Концерт для непрестижного инструмента

12.11.2018


На улице Шпалерной в Санкт-Петербурге, посередине сквера, расположенного напротив Смольного собора и наискосок от здания бывшего Института благородных девиц, в 1917 году перепрофилированного под штаб Петроградского военно-революционного комитета во главе с Лениным и Троцким, а затем ставшего резиденцией городского правительства, красуется особняк петровского барокко – Кикины Палаты. Строил его для себя бывший денщик Петра I, впоследствии переметнувшийся на сторону царевича Алексея и, не без  помощи обычных для того времени методов ведения следствия, сознавшийся в государственной измене. Кикин в итоге был колесован, так что пожить в собственном небольшом дворце ему не привелось.

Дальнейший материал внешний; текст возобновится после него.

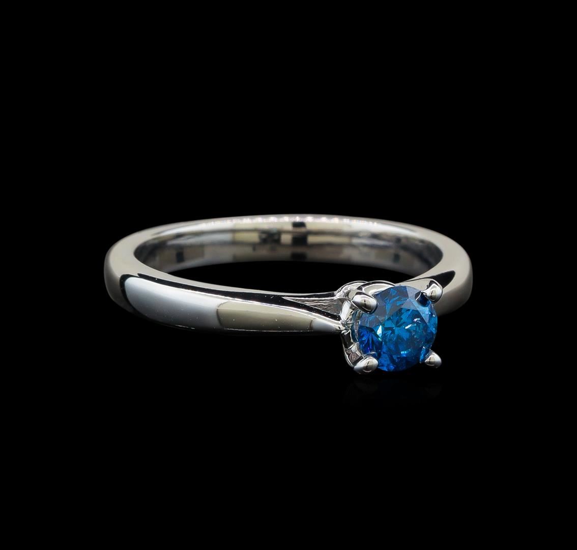 One electronically tested 14KT white gold ladies cast diamond solitaire ring with a cathedral shank with a bright polish finish. Identified with markings of "14K". Condition is new. Containing: One prong set round brilliant cut diamond, measuring 4.80 - 4.80 x 3.12mm (depth est.) exact weight 0.47ct. Clarity: I-1, Cut is Good. Color of the stone has been treated. Diamonds are graded in the mounting, unless otherwise stated. Total Weight of Diamonds 0.47ct. Total Weight of Solitaire Ring 3.40 grams. GGL Appraised at $1,335.00.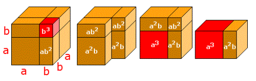 Giustificazione geometrica: un cubo di spigolo (a+b) il cui volume è (a+b)3 lo si può scomporre in:
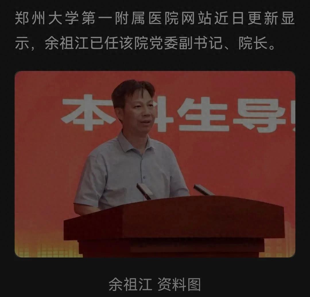 8月16日,郑州大学第一附属医院官网更新显示,余祖江教授正式出任该院党委副书记、院长。这位深耕传染病学二十余年的本土专家,接棒姜勇院长,执掌这艘拥有近百年历史的医疗“航母”。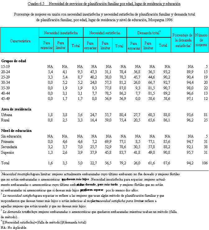 Las mujeres con necesidad insatisfecha de planificación familiar;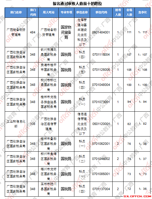 報名通過審核人數(shù)前十的職位主要集中在廣西儲備物資管理局、廣西壯族自治區(qū)國家稅務(wù)局、工業(yè)和信息化部等部門,具體信息如下:
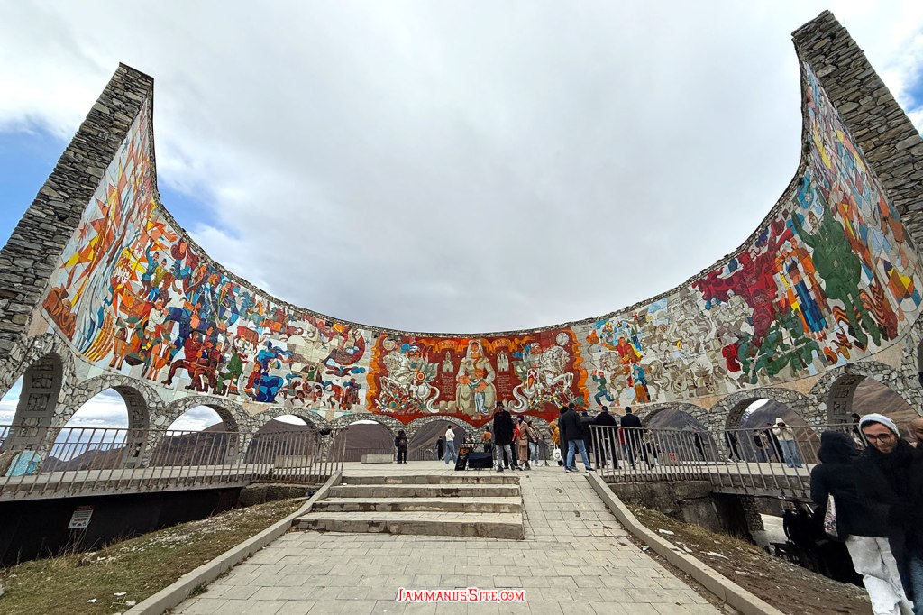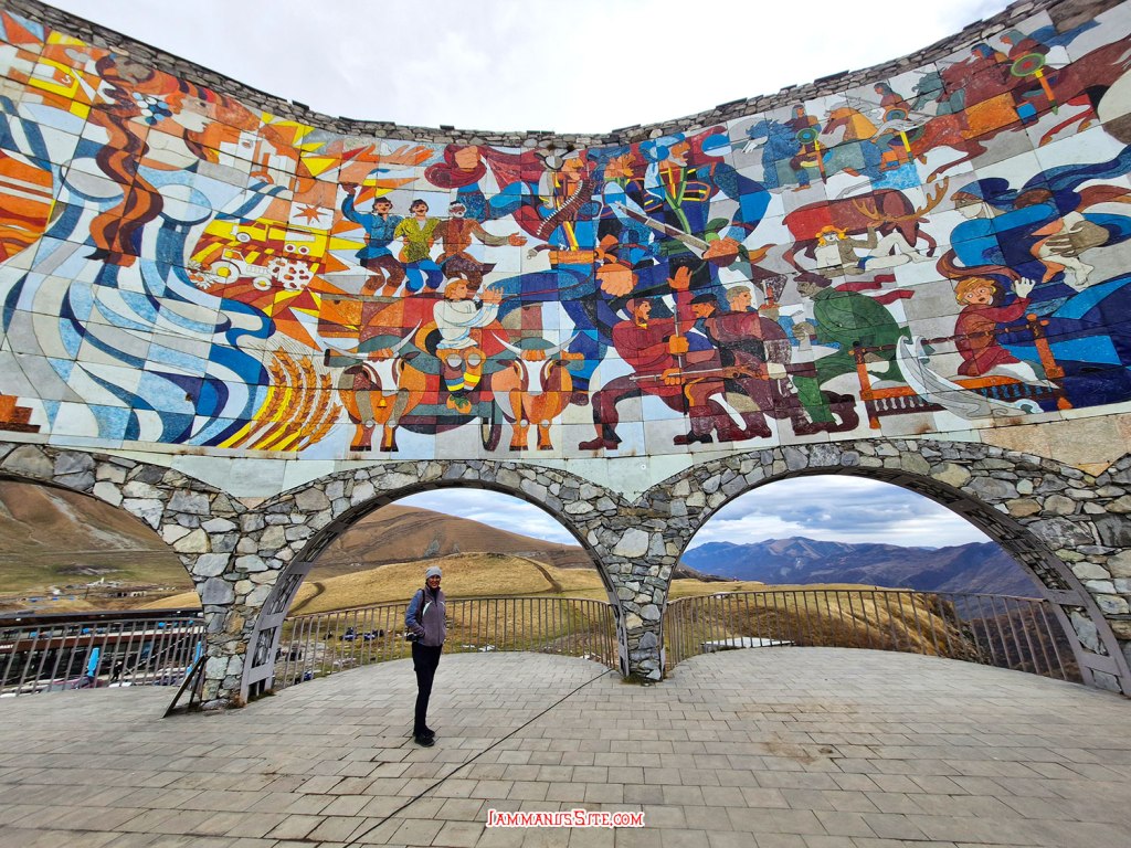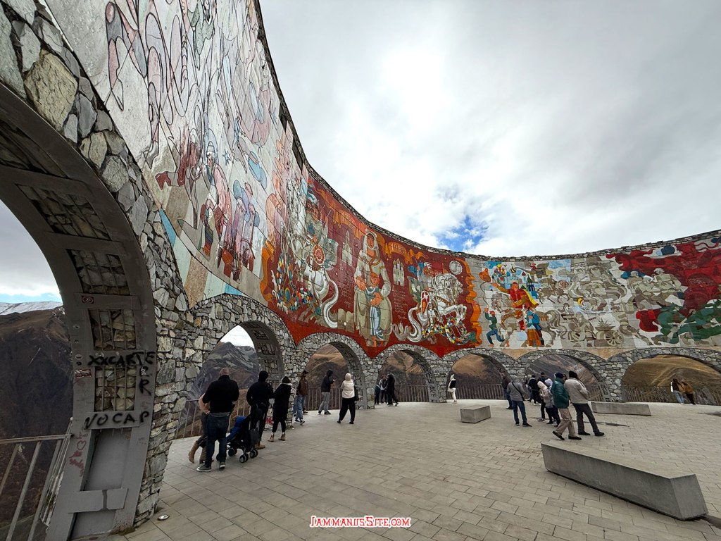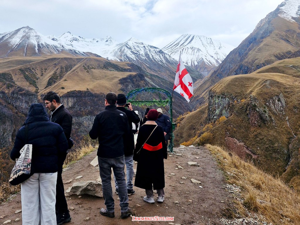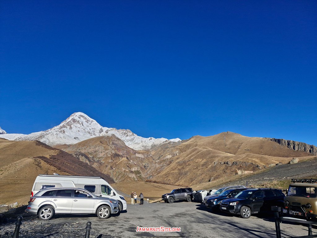 ในที่สุดก็มาถึง Russia-Georgia Friendship Monument ไม่ได้คิดจะแวะตอนนี้ กะจะแวะเที่ยวขากลับ แถมวันนี้อากาศไม่ดี มีฝนลงพรำๆด้วย แต่ว่าหิวข้าวมาก ก็เลยแวะเพราะเห็นมีร้านอาหาร จอดรถปุ๊บมีคนมาเก็บค่าจอดทันที 3GEL ติดกับ Monument มีร้านอาหารอินเดีย ก็เดินไปหาข้าวกิน แนะนำเลย… แนะนำว่า…ให้หนีไปไกลๆ คือราคาโหดมาก แพงที่สุดในทริปเลย สั่งอาหาร 2 อย่าง ไม่มีน้ำด้วยซ้ำ 95GEL! (คือเห็นราคาแล้วแหละแต่หิวจนไม่ไหวแล้ว) คือรสชาติก็ไม่ได้แย่ กินได้ แต่แพงเหลือเกิน มานึกทีหลังว่า ไหนๆก็แขวนท้องมาถึงนี่แล้วอีก 1/2 ชม.ก็ถึงตัวเมือง Kazbegi แล้ว น่าจะยอมทนหิวไปเลย

Ходили слухи, что после казни владельца осенними тёмными вечерами там стало являться привидение. То в подвальном помещении кто-то шаркает ногами, то на лестнице в полумраке хрипло дышит. А уже в наше время, когда в здании обосновалась детская музыкальная школа, молодые преподавательницы, которые частенько опаздывали к началу занятий, уверяли, что видели, как некто, кого они и разглядеть толком на бегу не успевали, просачивается сквозь дверь квартиры дворника, занимавшего в первом этаже особняка целое крыло. А потом об опоздании каким-то образом узнавала завуч...

Но достоверно было известно только одно: призрак этот – не самого Кикина, а его доверенного человека из челяди, шестипалого истопника Карла, якобы запрятавшего где-то в печном фундаменте хозяйские червонцы и драгоценности.

То ли из-за этого, то ли по какой-то иной причине, но Кикины Палаты нового владельца так и не обрели. Волею Романовых конфискованное здание передавалось на баланс то одному, то другому учреждению – от Кунсткамеры по распоряжению Петра Алексеевича Романова, первого русского императора, до музыкальной школы по распоряжению Григория Васильевича Романова, первого секретаря Ленинградского обкома КПСС.

Подарок простой районной ДМШ, до этого времени ютившейся по углам чужих помещений, был, конечно, царский. Особенно если принять во внимание то отвращение, которое товарищ первый секретарь питал к творческой интеллигенции. Тем более к музыкантам. Мало того что бездельники и тунеядцы, так ещё у доброй половины из них в пятой графе паспорта стояла безобразная запись, а это было уже выше его сил.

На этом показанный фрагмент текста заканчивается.